_Exercise objective_
Output the data below only from the line containing "24K Gold Tube" up to and including the line containing "Millenniumi kiállítás: az", exact and with the pictures left out.

_Information shown_
************

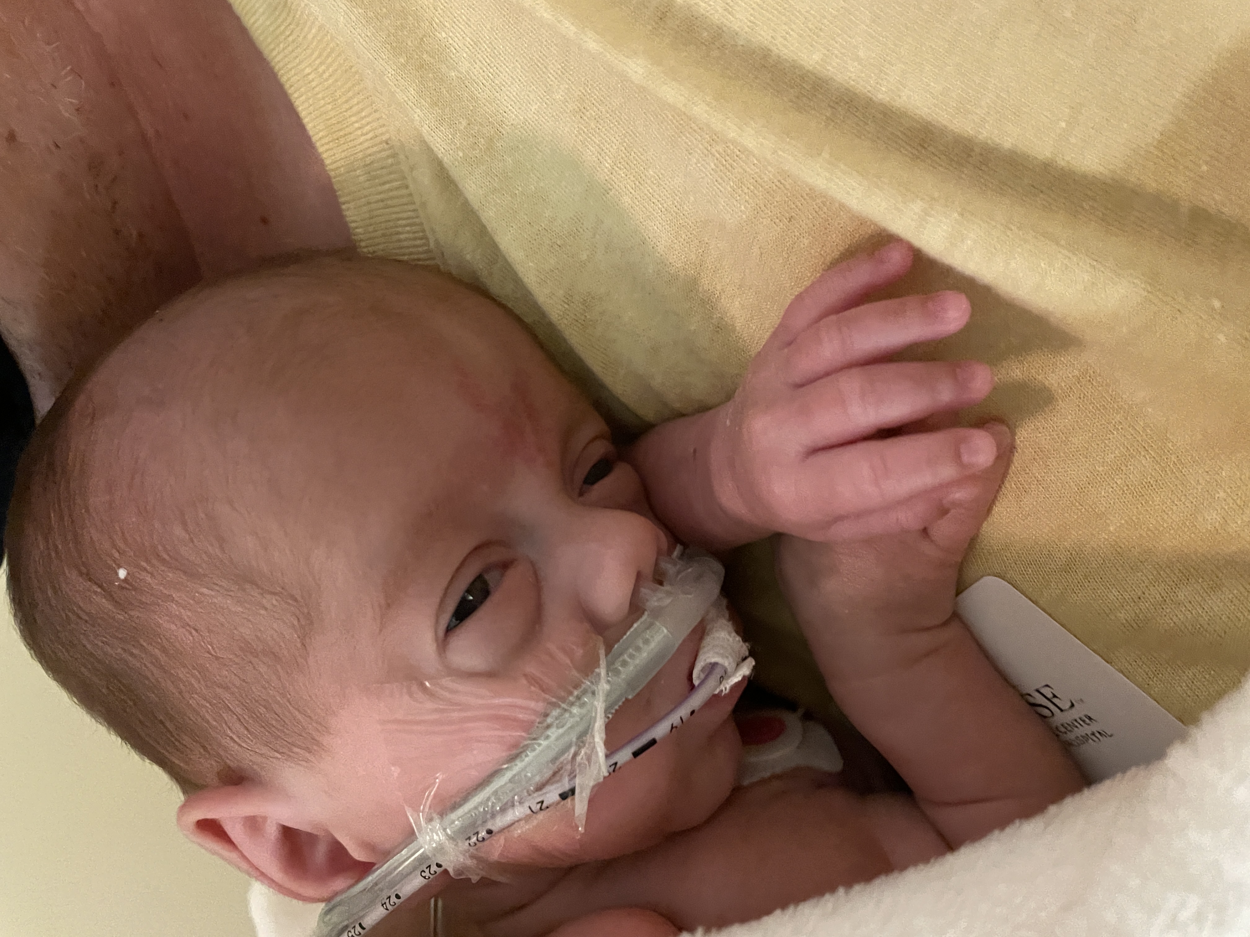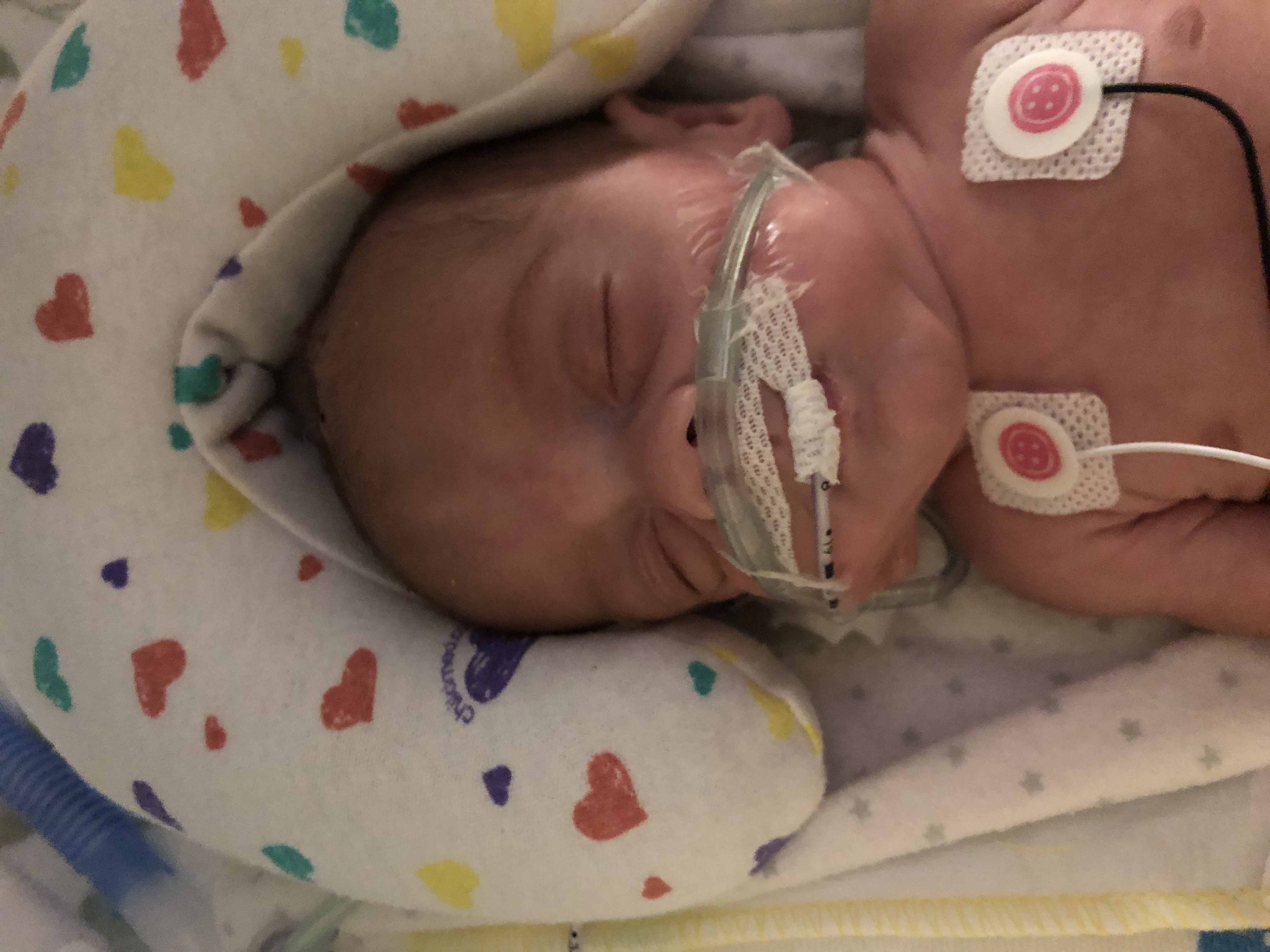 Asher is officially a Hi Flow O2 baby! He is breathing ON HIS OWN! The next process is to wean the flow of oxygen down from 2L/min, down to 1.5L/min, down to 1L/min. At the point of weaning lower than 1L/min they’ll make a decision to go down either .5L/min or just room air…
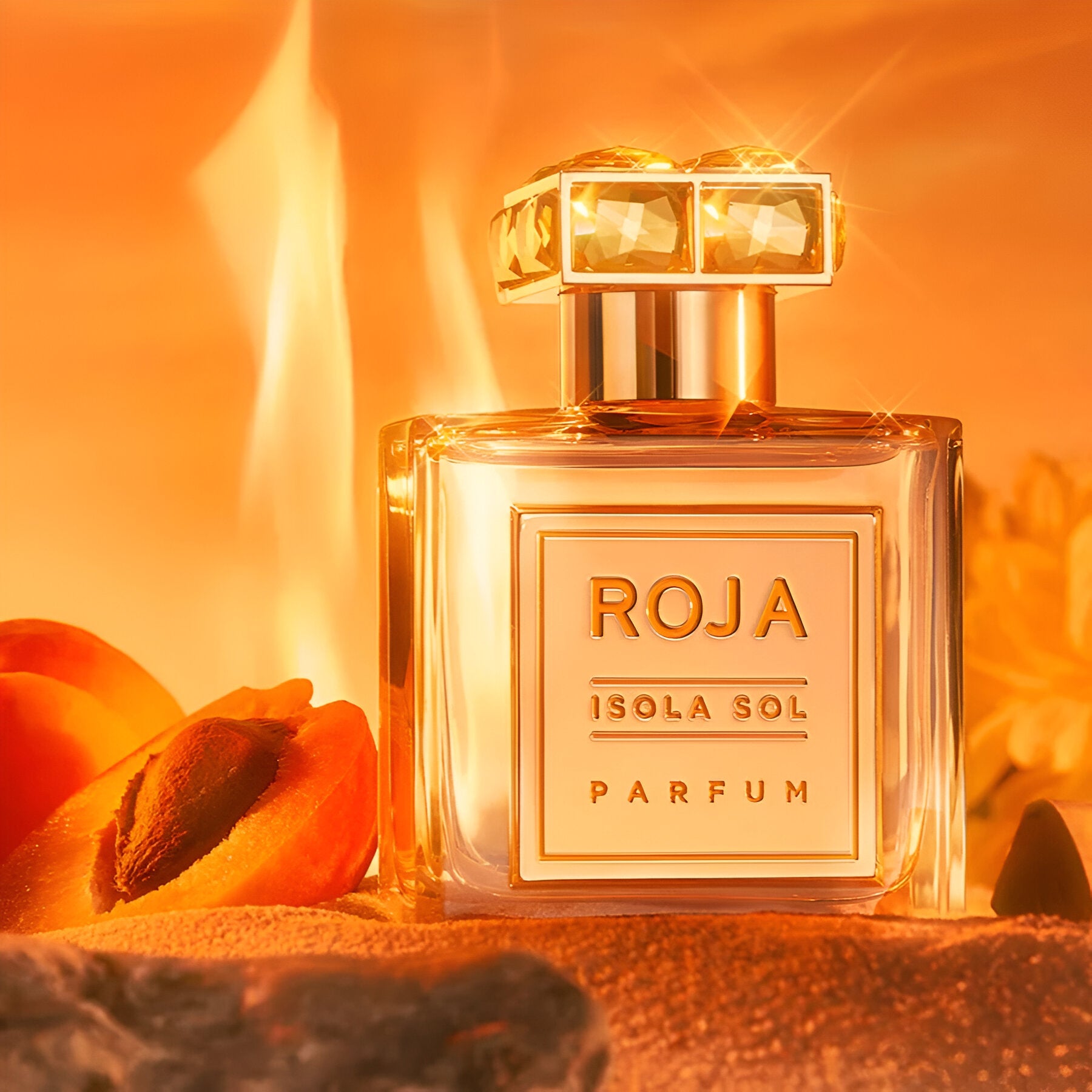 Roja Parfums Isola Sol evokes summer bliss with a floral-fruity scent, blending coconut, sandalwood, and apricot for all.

************

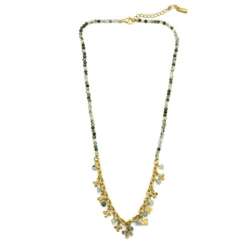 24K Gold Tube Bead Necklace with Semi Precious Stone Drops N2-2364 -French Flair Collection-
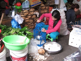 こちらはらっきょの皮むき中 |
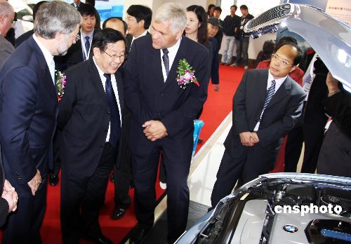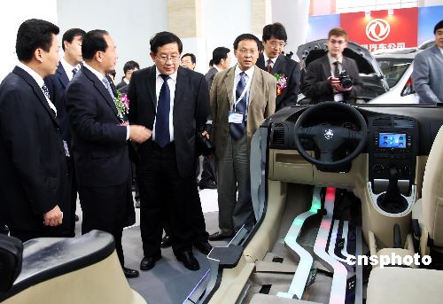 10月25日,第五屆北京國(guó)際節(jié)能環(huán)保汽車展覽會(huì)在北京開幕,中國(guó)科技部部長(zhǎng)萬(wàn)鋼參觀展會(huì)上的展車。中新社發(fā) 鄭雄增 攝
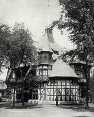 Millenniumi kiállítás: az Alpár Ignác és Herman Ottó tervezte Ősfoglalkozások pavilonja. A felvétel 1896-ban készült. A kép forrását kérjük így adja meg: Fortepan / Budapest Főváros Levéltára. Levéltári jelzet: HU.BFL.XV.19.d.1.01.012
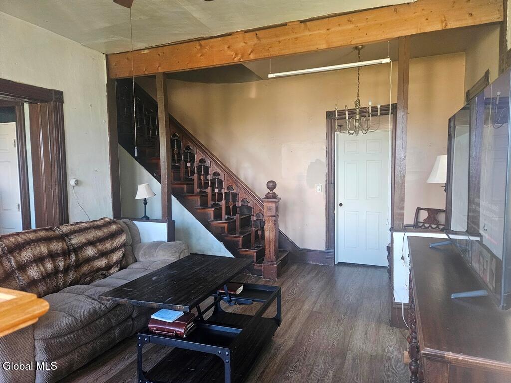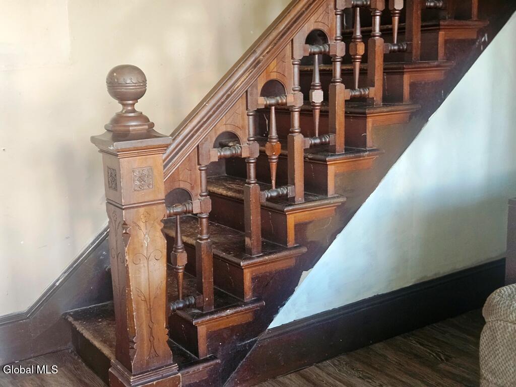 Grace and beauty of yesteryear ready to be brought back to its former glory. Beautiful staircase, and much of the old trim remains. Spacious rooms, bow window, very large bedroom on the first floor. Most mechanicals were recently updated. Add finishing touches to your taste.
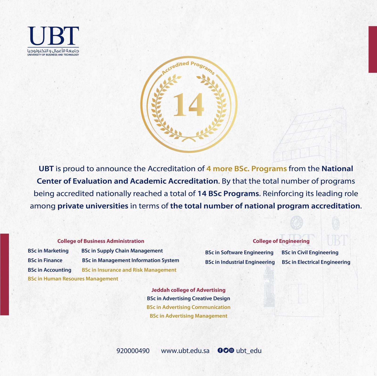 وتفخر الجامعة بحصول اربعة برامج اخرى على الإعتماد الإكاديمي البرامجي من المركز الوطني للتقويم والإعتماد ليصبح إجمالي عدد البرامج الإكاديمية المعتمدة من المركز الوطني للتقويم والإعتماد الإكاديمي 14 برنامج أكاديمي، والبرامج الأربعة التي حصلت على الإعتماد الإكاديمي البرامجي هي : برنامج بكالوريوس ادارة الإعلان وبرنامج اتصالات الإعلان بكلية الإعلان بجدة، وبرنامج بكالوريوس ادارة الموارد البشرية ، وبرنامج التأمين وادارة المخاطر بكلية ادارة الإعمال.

************

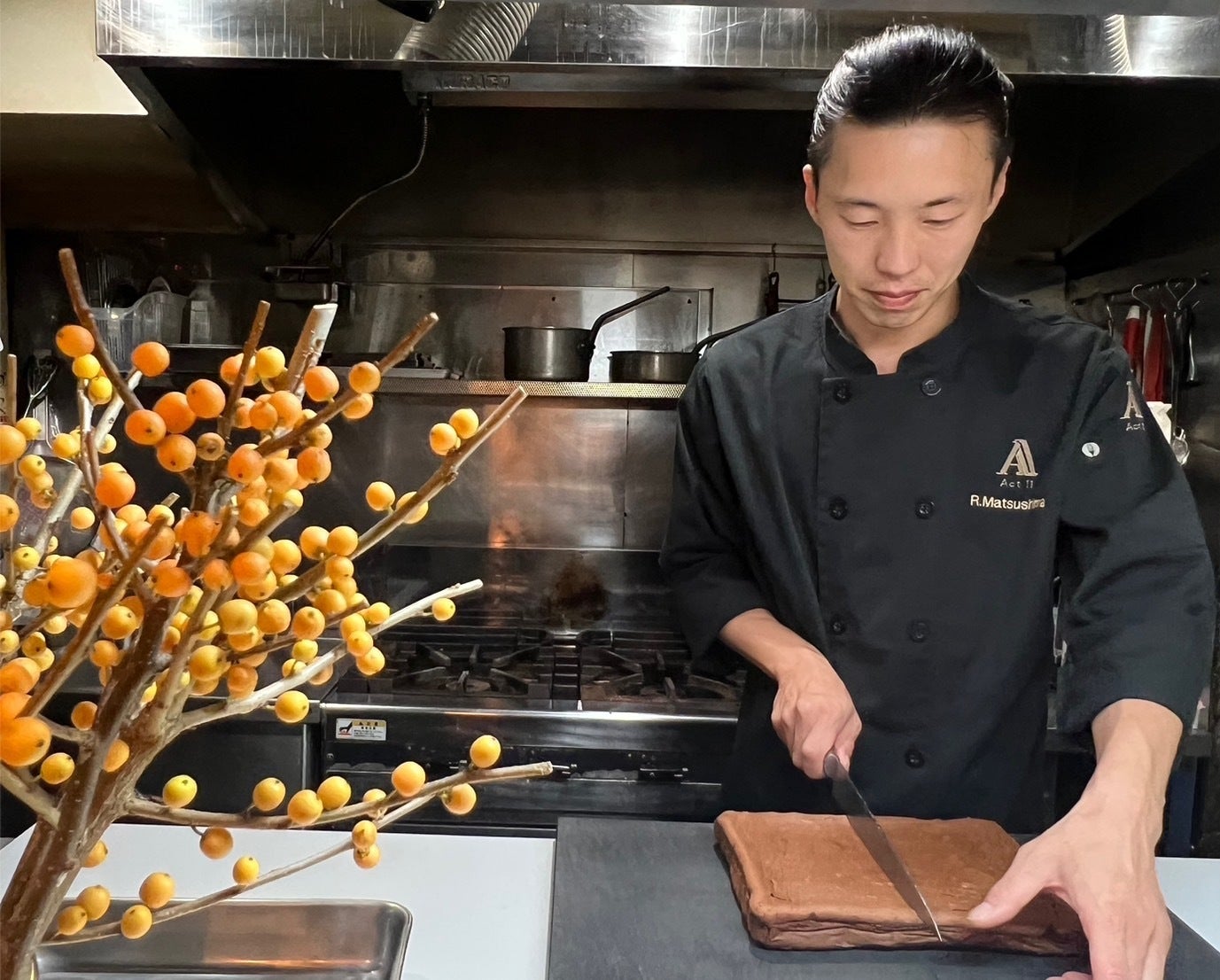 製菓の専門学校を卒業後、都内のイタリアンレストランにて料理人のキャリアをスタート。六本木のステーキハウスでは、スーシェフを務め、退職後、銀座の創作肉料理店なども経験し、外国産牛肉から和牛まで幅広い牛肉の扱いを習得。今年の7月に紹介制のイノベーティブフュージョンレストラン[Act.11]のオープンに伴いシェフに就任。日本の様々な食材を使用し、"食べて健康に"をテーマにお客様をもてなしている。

************

_Written response_
 24K Gold Tube Bead Necklace with Semi Precious Stone Drops N2-2364 -French Flair Collection-
 こちらはらっきょの皮むき中 |
 10月25日,第五屆北京國(guó)際節(jié)能環(huán)保汽車展覽會(huì)在北京開幕,中國(guó)科技部部長(zhǎng)萬(wàn)鋼參觀展會(huì)上的展車。中新社發(fā) 鄭雄增 攝
 Millenniumi kiállítás: az Alpár Ignác és Herman Ottó tervezte Ősfoglalkozások pavilonja. A felvétel 1896-ban készült. A kép forrását kérjük így adja meg: Fortepan / Budapest Főváros Levéltára. Levéltári jelzet: HU.BFL.XV.19.d.1.01.012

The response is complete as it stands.